Just kernel running on bare metal.
Kernel can decide to some extent how it uses ASID's/etc, apart from the 6.10 split being currently fixed in hardware, where setting a page as global will cause the low 10 bits of the ASID to be ignored.
Possibly the OS could enforce that Global not be set for groups 38..3F, but this is more OS responsibility.
Currently, threads also eat PID's, but this is likely to change, say:
TPID (Task ID):
(31:16): PID
(15: 0): Thread ID (local to a given PID)
>
PIDs are GuestOS defined and used.
OS defined here as well, only that these is a single level.
I guess it is possible I could consider trying to write a wrapper layer to try to boot an RV64 Linux distro on top of my existing CPU design, effectively faking the SiFive style memory map and Privileged Spec stuff in software (effectively running the whole OS in virtual memory and in usermode).
In other news, my recent attempts to improve code-density seem to be instead be improving performance (though, recently, via various compiler tweaks, have shaved around 5% off the size of the binaries).
Currently the delta in ".text" size has dropped to around 11% (for the PEL binaries, ".text" is still around 11% bigger than ".text" in RV64G ELF binaries, though the PEL binary as a whole is significantly smaller than the ELF binaries).

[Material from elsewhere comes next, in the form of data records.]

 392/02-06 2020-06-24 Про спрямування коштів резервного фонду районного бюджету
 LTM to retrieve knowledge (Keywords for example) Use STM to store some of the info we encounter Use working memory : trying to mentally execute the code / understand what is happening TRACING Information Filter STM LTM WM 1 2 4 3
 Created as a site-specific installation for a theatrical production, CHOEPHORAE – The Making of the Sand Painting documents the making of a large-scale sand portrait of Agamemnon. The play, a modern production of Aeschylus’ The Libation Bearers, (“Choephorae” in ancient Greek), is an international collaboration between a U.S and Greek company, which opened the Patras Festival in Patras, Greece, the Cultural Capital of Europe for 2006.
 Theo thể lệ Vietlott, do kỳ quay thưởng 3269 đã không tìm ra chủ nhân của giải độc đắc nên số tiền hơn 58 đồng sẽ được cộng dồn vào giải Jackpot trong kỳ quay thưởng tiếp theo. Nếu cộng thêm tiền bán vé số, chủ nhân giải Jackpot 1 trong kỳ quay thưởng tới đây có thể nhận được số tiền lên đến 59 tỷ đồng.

Currently looking at a 308K binary for Doom.
Meanwhile, Doom has gotten a little faster (29.5 vs 18.0 fps).
As of the most recent test, slightly ahead in Dhrystone as well:
XG2 : 94K
RV64: 88K
Most of this seems due mostly to fiddling with stuff in my compiler.

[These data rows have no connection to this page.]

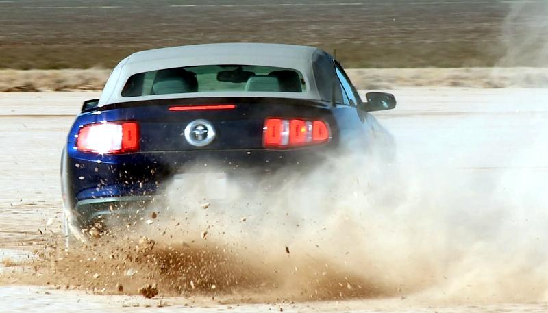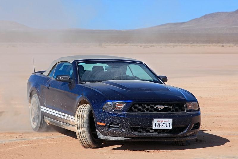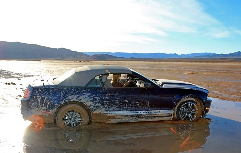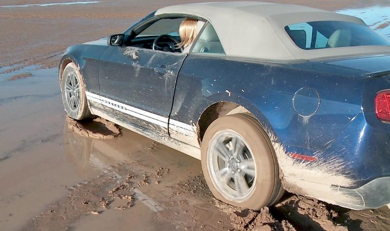 Et…, elle est arrivée dans une ancienne Ford Mustang décapotable bleue, boueuse…
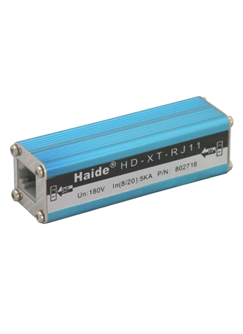 本產(chǎn)品殘壓輸出極低,并保證快速響應(yīng)時間。接口形式可選擇RJ11、RJ45、接線端子等,保護線路為分單路,串聯(lián)接法,具有雙重的過壓過流保護功能,典型應(yīng)用為電話機、ADSL、DDN、ISDN、傳真機、調(diào)制解調(diào)器、程控交換機等。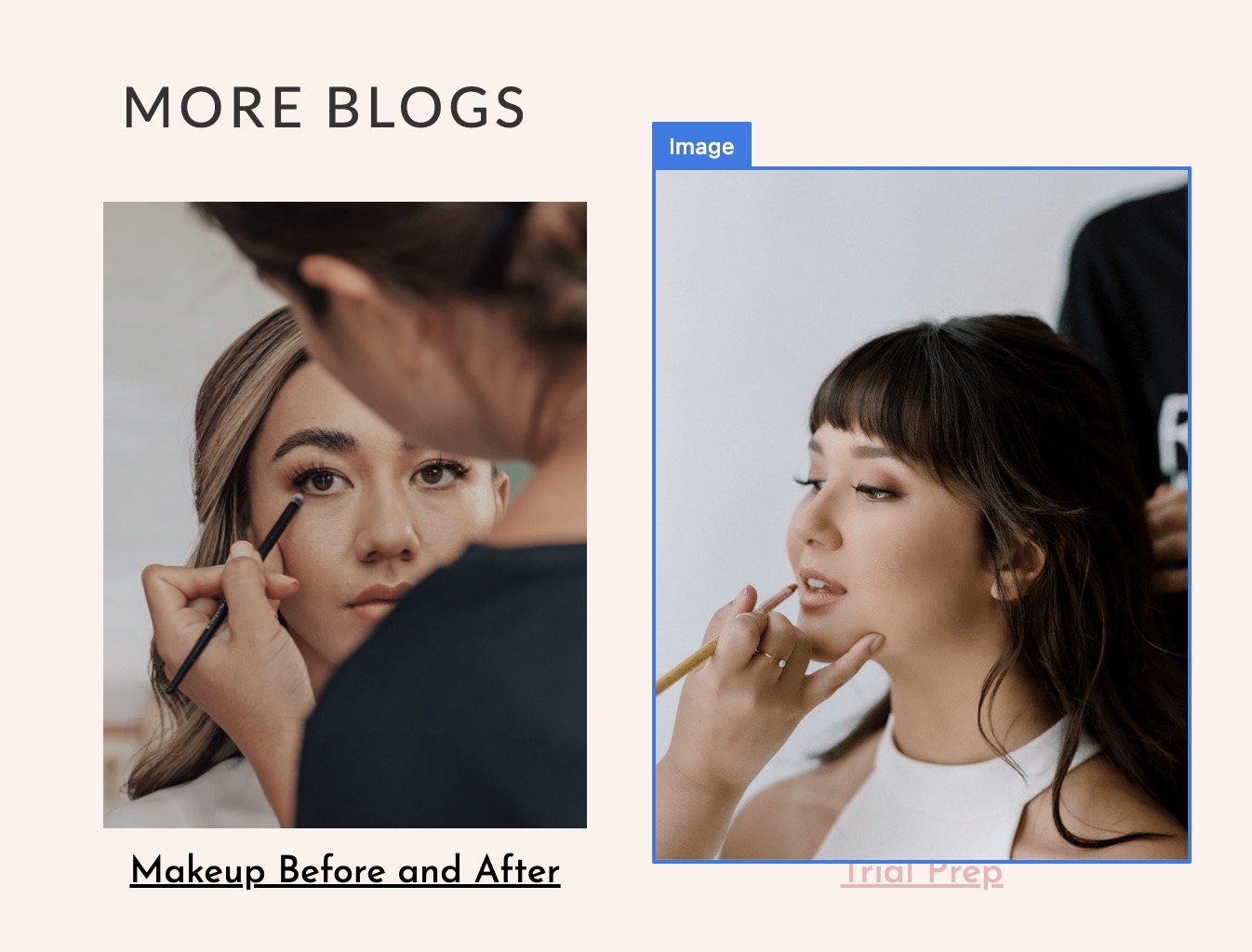 For example, when we hover over the first image in the first row, we want the words “makeup before and after” to change to pink as it would if you were to hover over the words. This was our user will know the image is connected with the words.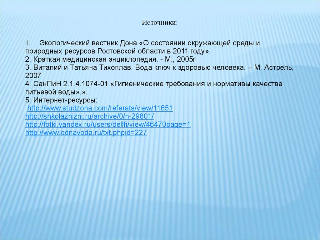 Источники:1. Экологический вестник Дона «О состоянии окружающей среды и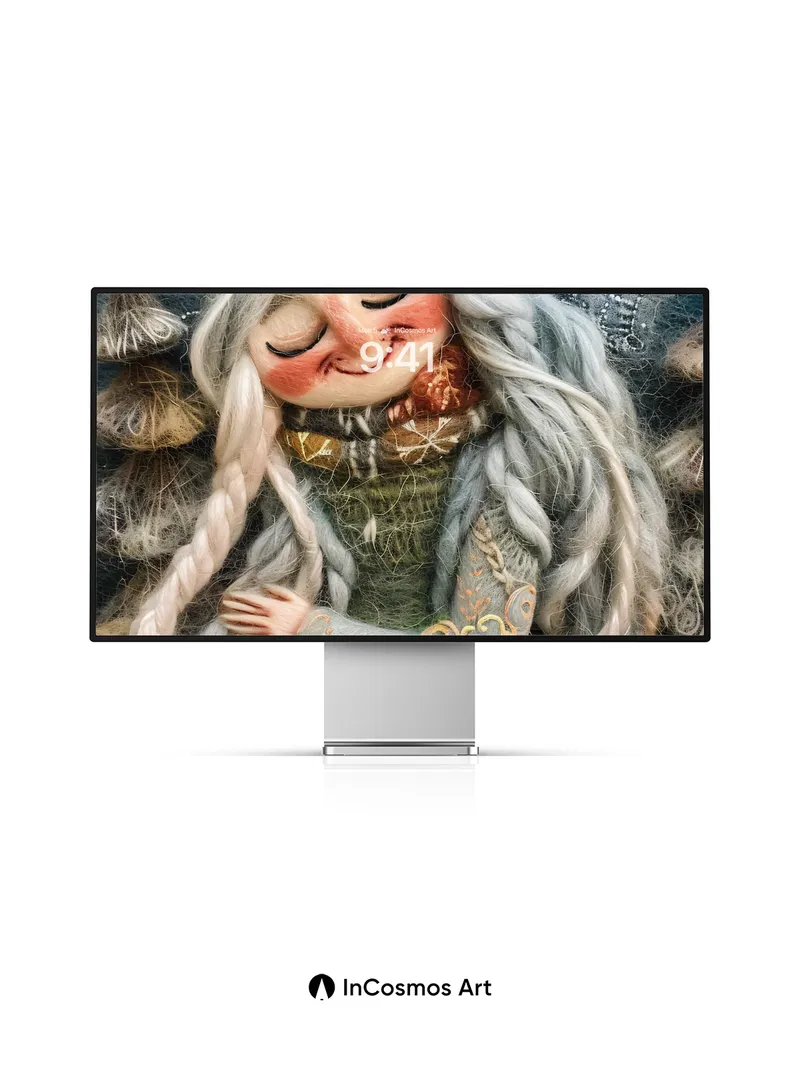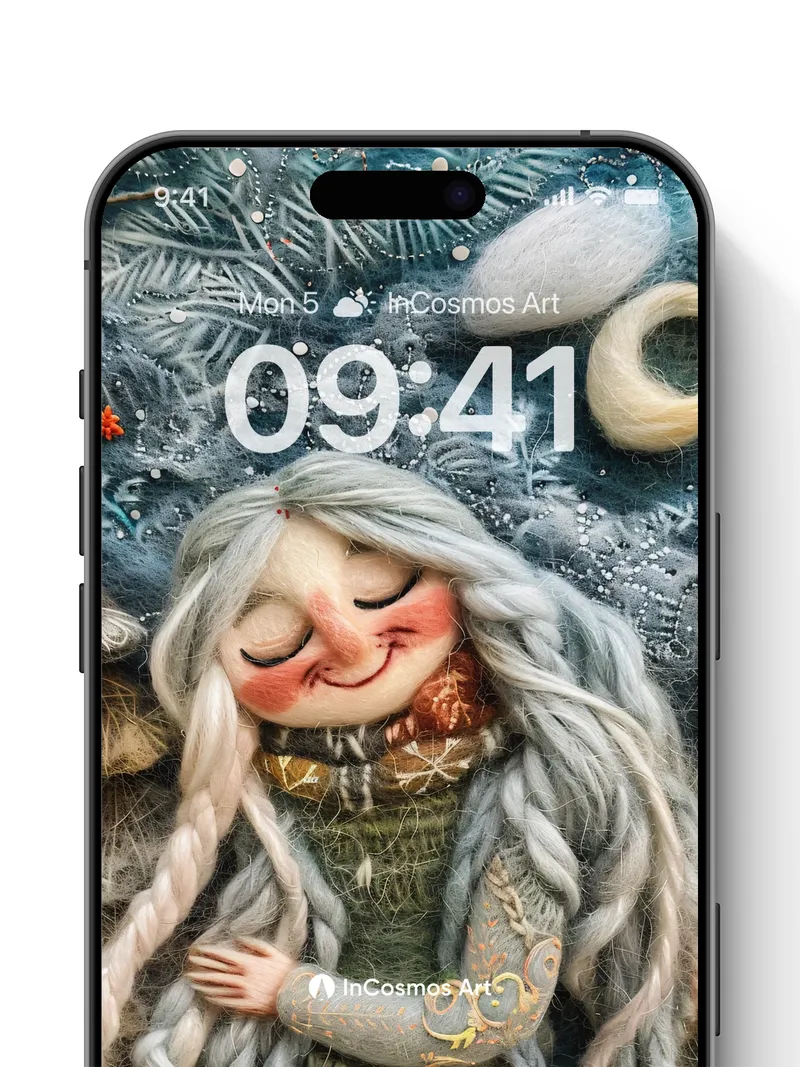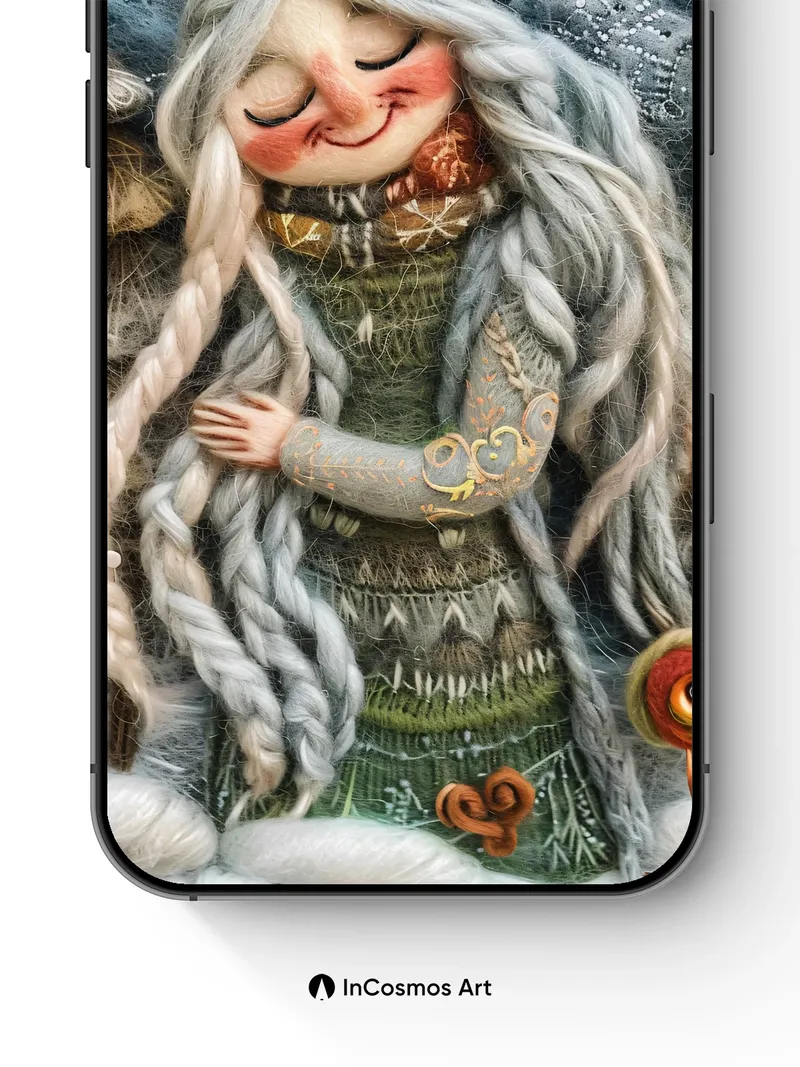 Debug product.metafields.custom.desc: Did you know that ancient Nordic artisans wove wool into tapestries to trap warmth and stories? Here, silver hair braids like frozen rivers through a forest of felted pine and moonlight fluff, each thread breathing soft frost. You’ll feel the quiet hum of snowfall in your fingertips as the doll’s closed eyes cradle a secret smile beneath a sky stitched with stars and crescent moons.

Mostly stuff related to register handling and similar:
For operations targeting function arguments, target the output directly to the argument register when possible;
Allow temporary variables originating from function returns to be temporarily assigned to R2 rather than allocating a normal callee save register and copying R2 into this register;
Storing a register to a variable that is not currently held in a register may store directly to the target memory location rather than pulling the variable into a register (and then spilling the register), if there are no subsequent uses of this variable in the same basic block;
...
Though, ironically, some of these register assignment tricks are hindered by the globally assigned registers, where a variable with a globally assigned register can't also be temporarily stored in a different register.

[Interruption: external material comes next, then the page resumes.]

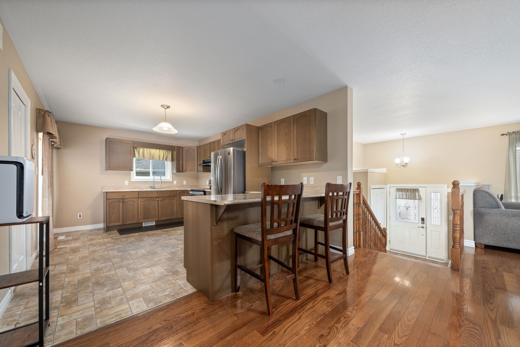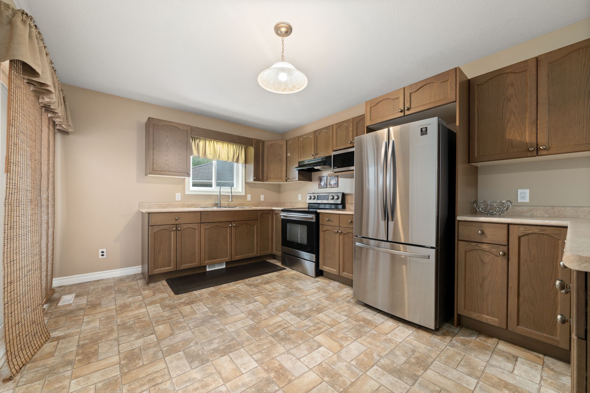 Welcome to this beautifully maintained 2+2 bedrooms, two bathrooms raised bungalow, ideally located in belleville's sought-after hillcrest neighborhood. Nestled on a quiet street, minutes from shopping, schools, and major amenities, this home offers the perfect combination of comfort, convenience, and charm. Step inside to a spacious front entry leading into a semi-open concept main floor with a warm and inviting living room, highlighted by a large sun-filled window and a cozy gas fireplace. The kitchen transitions seamlessly into the dining area and opens onto a sunny deck, perfect for barbecues or quiet mornings with coffee. The pie-shaped lot offers a generous, fenced backyard, complete with stairs from the deck down to a ground-level patio, perfect for gatherings or relaxing afternoons. The main floor features two bedrooms with a brand new carpet , including a spacious primary bedroom with a walk-in closet. The fully finished lower level offers excellent in-law suite potential, complete with a rec room, two additional bedrooms, a modern 3-piece bath with oversized shower, and a laundry area. Additional highlights include an attached single car garage, ample parking, and proximity to cfb trenton (20 minutes). Highway 401( just 5 minutes). St theresa secondary school, hillcrest park, and hillcrest community centre. Whether you are a growing family downsizing, or seeking a move-in-ready home in a desirable location, this property truly has it all.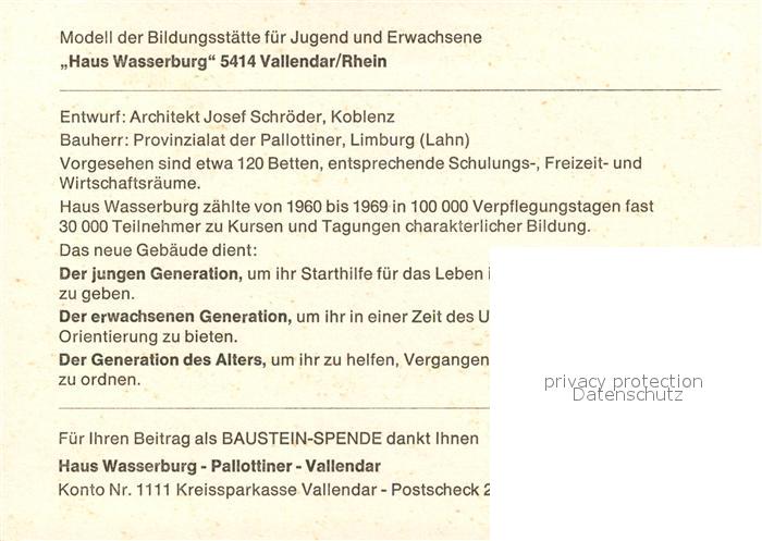 73126026 Vallendar Haus Wasserburg Modell der Bildungsstaette fuer Jugend und Erwachsene postalisch nicht gelaufen Keine Postkarte (siehe scan) Erhaltung siehe scans [FriedD77] KatCode: 11110007137226

Though, a potential option being to add a mechanism to allow temporarily putting a static-assigned register into a scratch register despite its "base of operations" having been static-assigned to a different register. At presently, the register allocation logic lacks a way for a variable to be assigned to two locations at once though.
Well, along with occasionally finding stuff where code generation was "pointlessly inefficient" for whatever reason, such as by not making effective use of existing instructions or encodings (a lot of cases being stuff that wasn't available in earlier versions of the ISA).
Occasionally, it is tweaking rules for when to use one encoding over another.
But, increasingly, this is getting into stuff that is "kind of a pain".
I don't know how much further I will get in this direction.
...
Bigfoot uses a whole byte for access rights, with separate read-write-execute for user and supervisor, and write protect for hypervisor and machine modes. He also uses 4 bits for the cache-ability which match the cache-ability bits on the bus.
I got rid of the global bit after reading some posts. IMO I do not think it buys a lot. It might make a difference if the TLB is small, but Bigfoot’s TLB has 1024 entries. A global page is just a page shared to every process. It could be handled like any other shared page. The page share count would be a big number. Bigfoot uses just 16-bits for the share count.
I am using the value of zero for the ASID to represent the machine mode’s ASID. A lot of hardware is initialized to zero at reset, so it’s automatically the machine mode’s. Other than zero the ASID could be anything assigned by the OS.